I've never seen him so content as he was chewing on the rawhide, so I'm looking into alternatives. I've read that nylabones, greenies, kongs, and bully sticks are enjoyed and safe. I have nylabones and kongs but he isn't too crazy about them, unless slathered with peanut butter =p

I will order some bully sticks and he will probably enjoy them, but they are expensive and I read don't last long.

I'm looking for something that he will love to chew on, and will last awhile. Hopefully cleaning his teeth and freshening his breath as well (I noticed his breath didn't smell at ALL after chewing on the rawhide)

All my reading seems to point me toward raw bones, especially raw meaty bones which also have nutritional benefits. I don't see any raw bones being sold online, as they appear to all be cooked, which can be dangerous. Would I just go to a butcher and ask him for some? Then store them in the freezer and give one or two to him weekly?

I would appreciate some input,

thank you!


----------



## zeronightfarm (Jun 15, 2011)

Greenies, are not safe as far as I'm concerned, and they don't do any thing. 
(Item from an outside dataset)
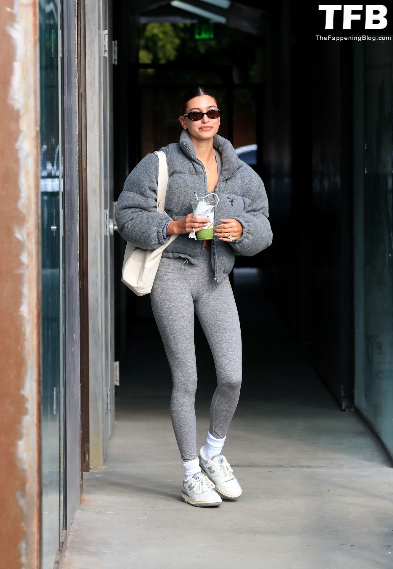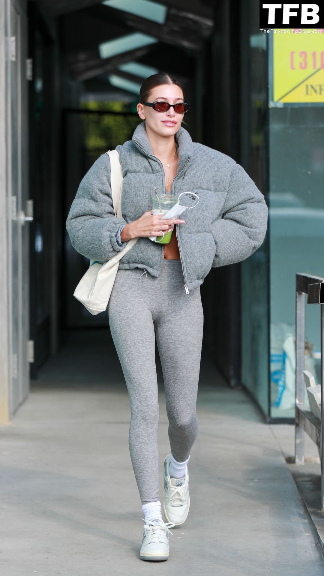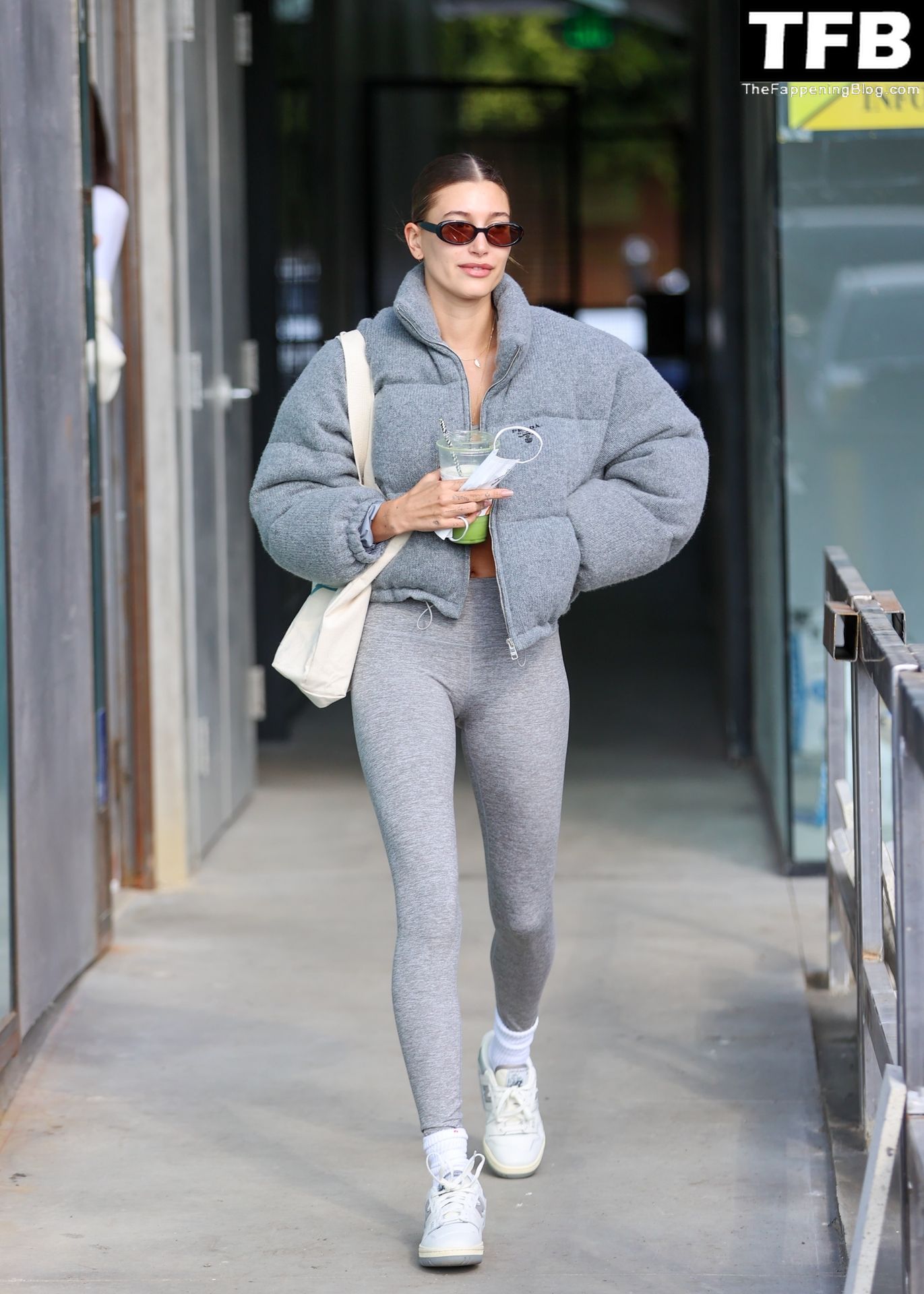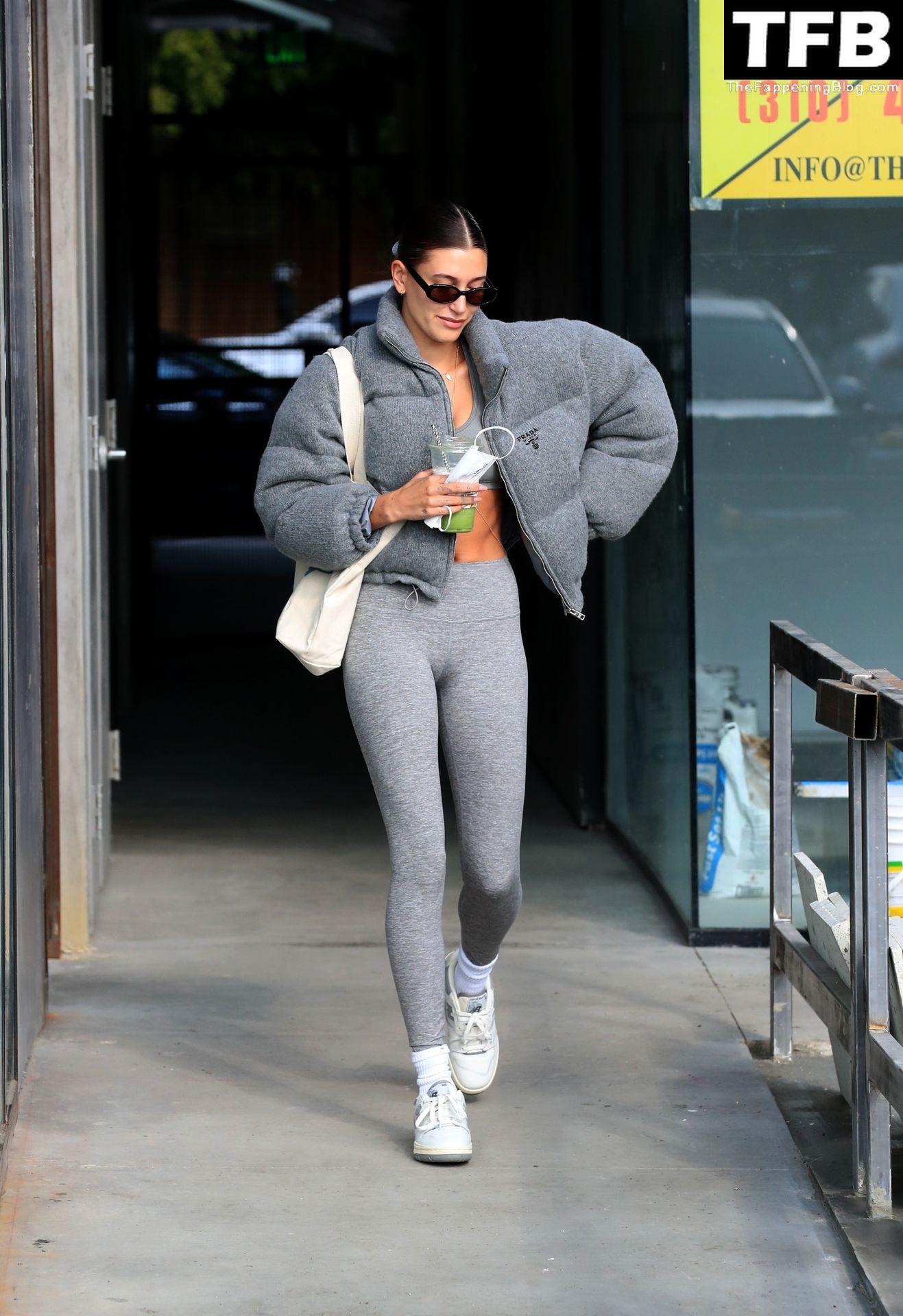 Молодая модель Хейли Бибер заканчивает занятие пилатесом в Лос-Анджелесе, 01.08.2022.

I give pig ears, and and atlers.


----------



## Rescued (Jan 8, 2012)

antlers! google them- they last a while and most dogs like them


----------



## Kathyy (Jun 15, 2008)

Back before raw I gave huge bully sticks and took them away when the dog could take the piece all the way into the mouth, cow ears as they are less greasy and last a lot longer than pig ears and bought big assortment of chews offered by Merrick with all sorts of odd bits. I used pressed rawhide at first but the quality went way down and I would even see black mold in the center of them. Plain rawhide was gone far too fast to work as a real chew. Back then I did try all the man made chews like Greenies and they were all fails. Sassy just broke them into bits and swallowed the bits whole.

I figured out that raw beef ribs, the kind that comes off rib roasts, are cheaper than the pet store or online chews. A pound is at most $2 a pound and the ribs I have bought are about 8 ounces each. I tried raw pig feet but they were more than my middle aged dogs wanted to deal with. The skin is incredibly tough and a great work out and tooth polisher. I gave one or the other to the dogs weekly. The pig feet were good for a few days, the beef ribs were stripped bare in about an hour and I tossed the bones. Some like to let the dogs continue to chew them but I don't like doing that. If you could find whole pork neck pieces then those are nice and big and fun to chew. I also will buy roasts for the family and bone it very badly myself and give the meat covered bone to the dogs. Leg of lamb, beef or pork rib roasts work very nicely for that.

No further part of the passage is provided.